What the task asks:
Take the line containing "Michelangelo Lire 10" through the last line of the data and retype those lines exactly. Pictures do not belong in the copy.

Recorded data:
· · · · · · ·

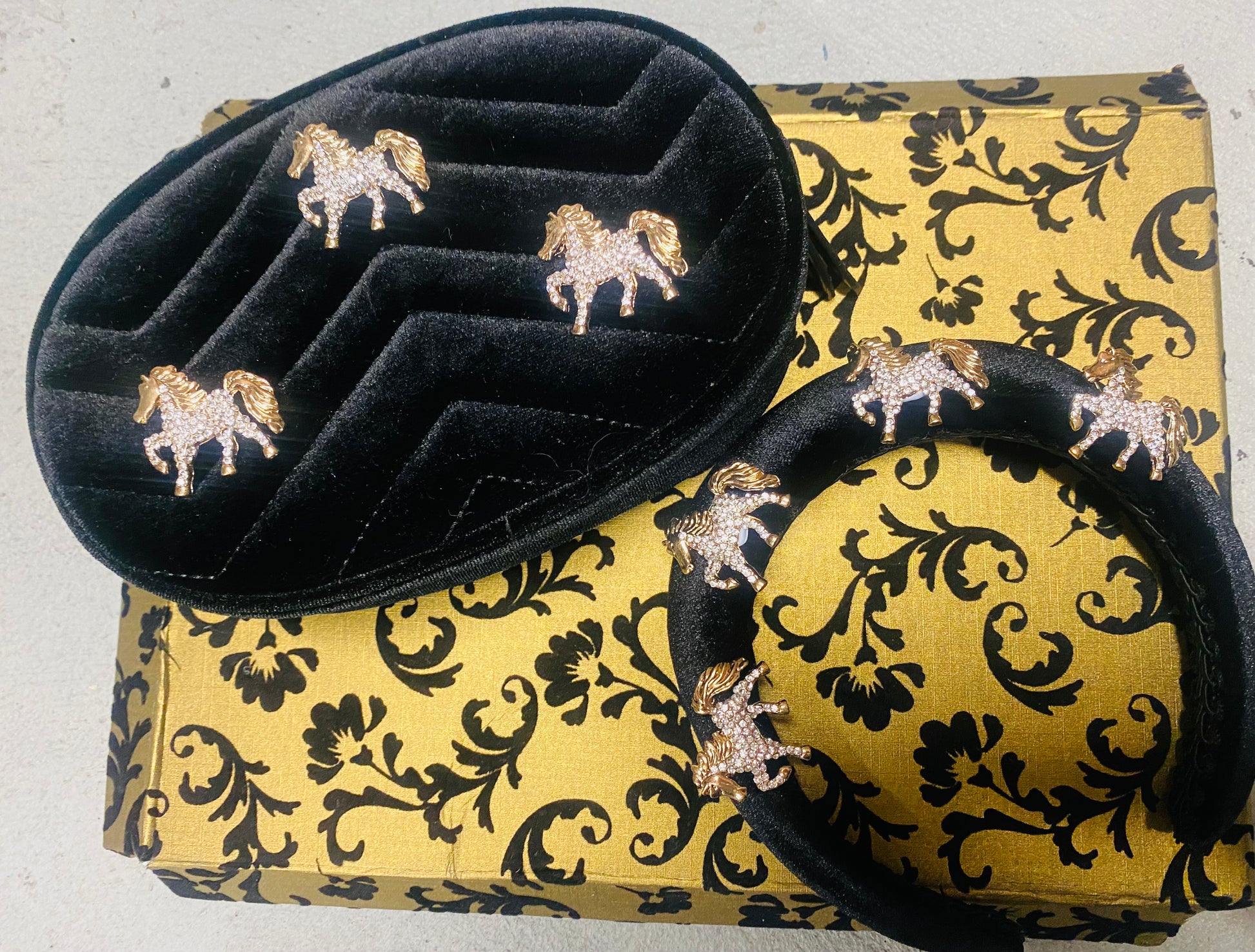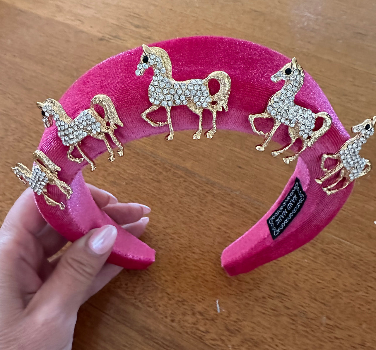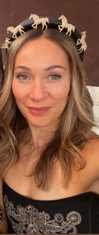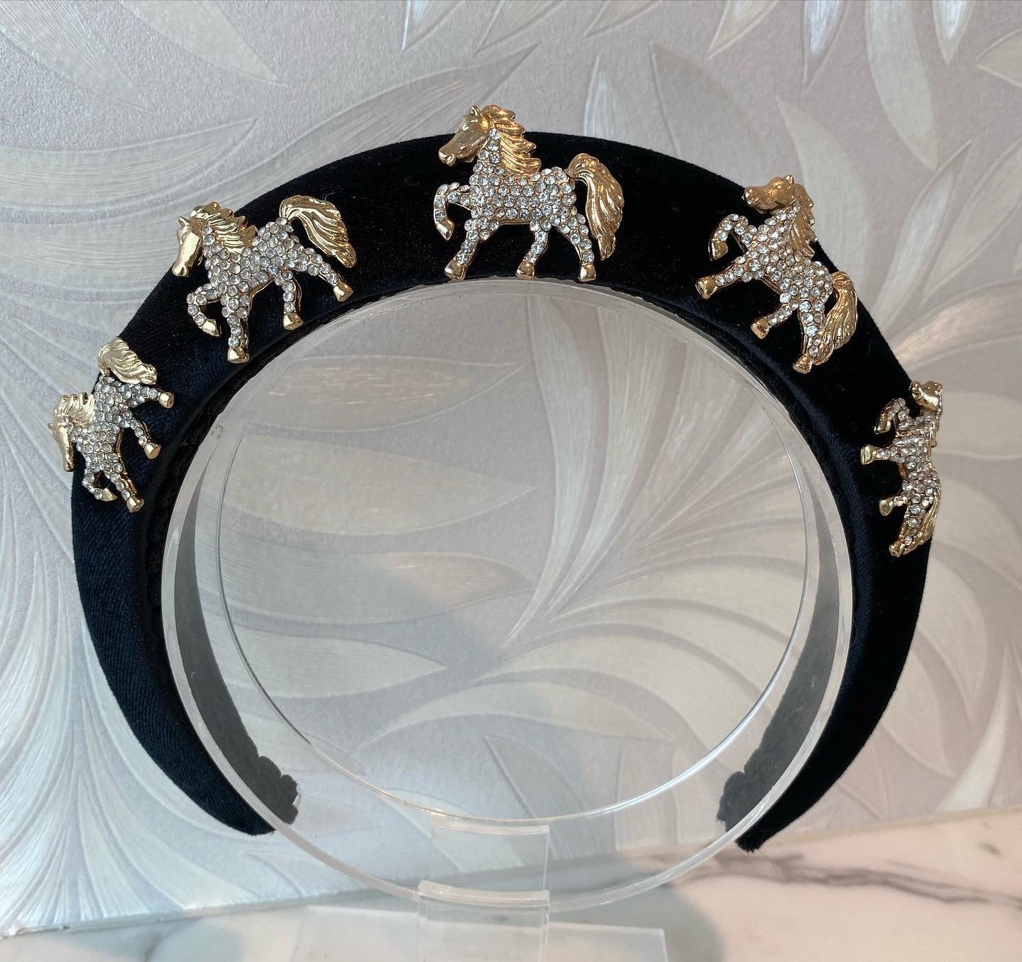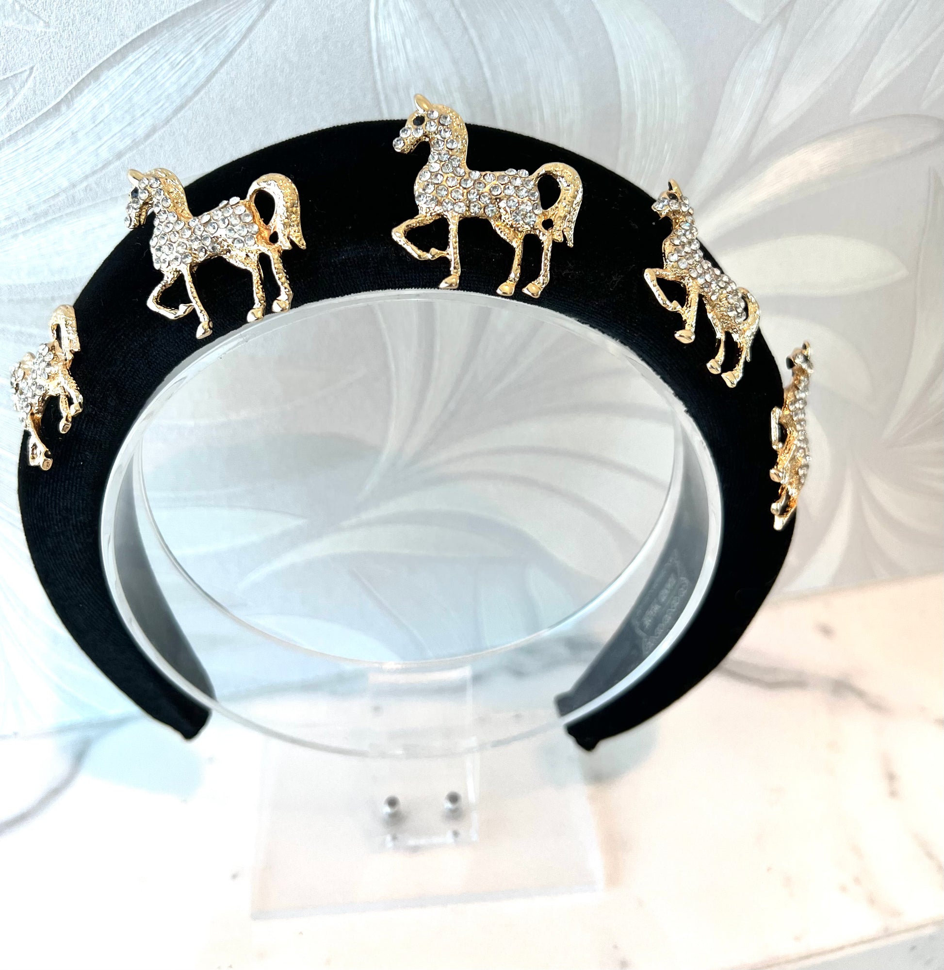 Truly a statement piece, this headband will be a showstopper at any Spring Racing event with its crystal horse embellishments.
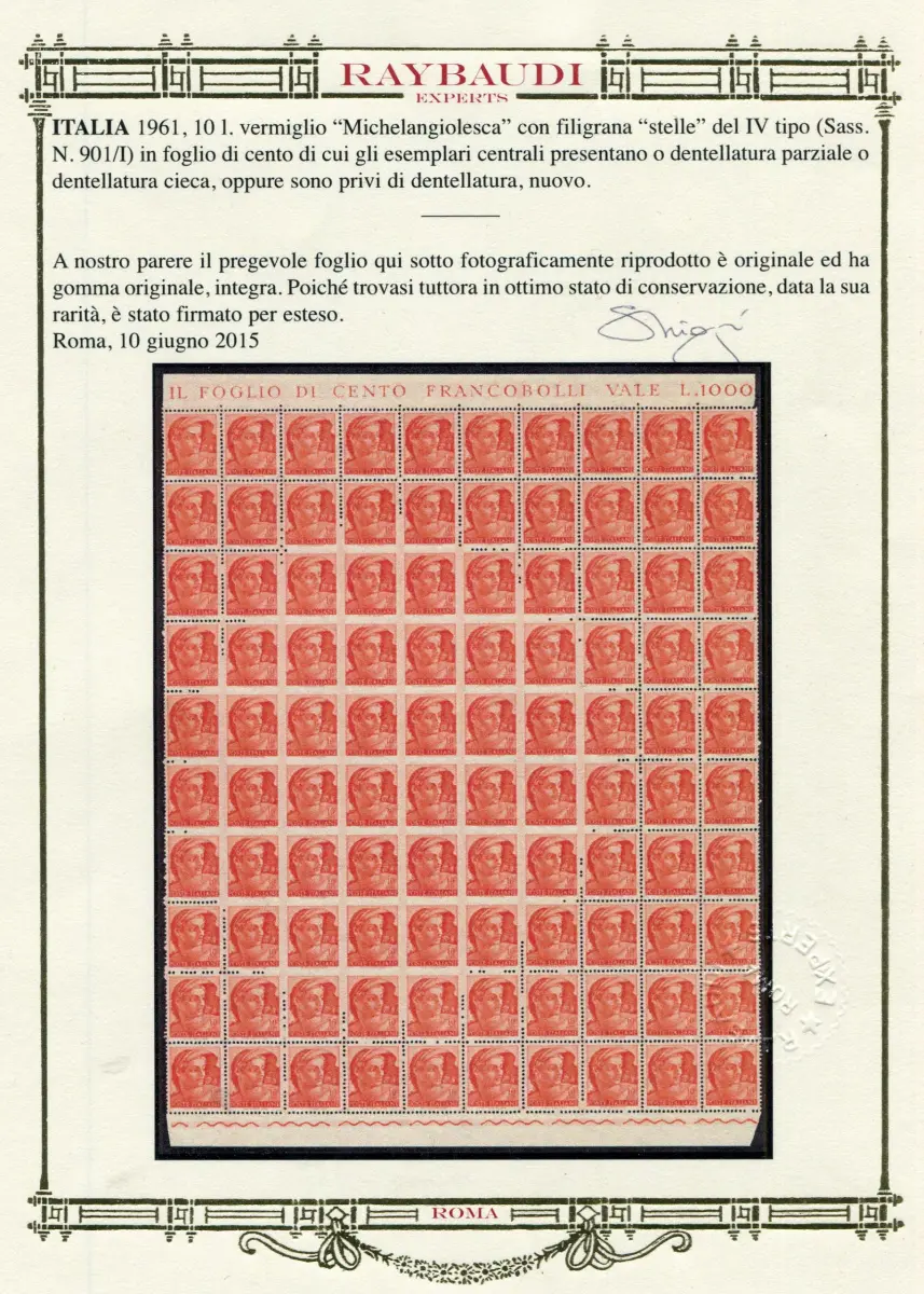 Michelangelo Lire 10 Sorten ungezähnt und Blindverzahnung A - Michelangelo Blatt mit 100 Exemplaren ohne Seitenränder, 13 Exemplare ungezähnt und viele mit ein- oder mehrseitiger Blind- oder Teilverzahnung - Set wohl Unikat - Raybaudi Gold Zertifikat - Sehr selten - Cod. 402/WEB Cod. 402/WEB
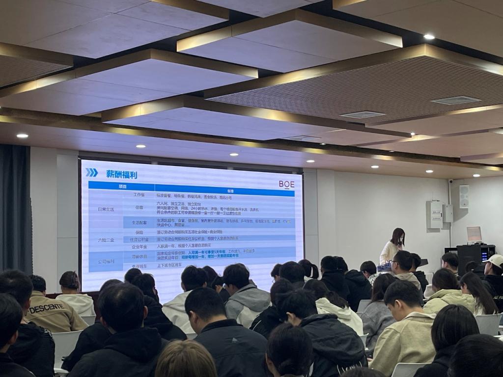 此次宣讲会中,京东方介绍了针对应届毕业生的多种实习岗位和培训机会,包括电子工程、机械设计、材料科学、软件开发、生产管理等专业领域。企业代表强调,京东方为每位实习生提供了完善的学习和成长平台,包括系统化的培训、实战演练和经验丰富的导师指导,帮助学生提升专业技能,并积累职场经验。公司将对实习表现优秀的学生优先提供正式职位机会,为他们职业生涯的起步助力。

· · · · · · ·

Output:
 Michelangelo Lire 10 Sorten ungezähnt und Blindverzahnung A - Michelangelo Blatt mit 100 Exemplaren ohne Seitenränder, 13 Exemplare ungezähnt und viele mit ein- oder mehrseitiger Blind- oder Teilverzahnung - Set wohl Unikat - Raybaudi Gold Zertifikat - Sehr selten - Cod. 402/WEB Cod. 402/WEB
 此次宣讲会中,京东方介绍了针对应届毕业生的多种实习岗位和培训机会,包括电子工程、机械设计、材料科学、软件开发、生产管理等专业领域。企业代表强调,京东方为每位实习生提供了完善的学习和成长平台,包括系统化的培训、实战演练和经验丰富的导师指导,帮助学生提升专业技能,并积累职场经验。公司将对实习表现优秀的学生优先提供正式职位机会,为他们职业生涯的起步助力。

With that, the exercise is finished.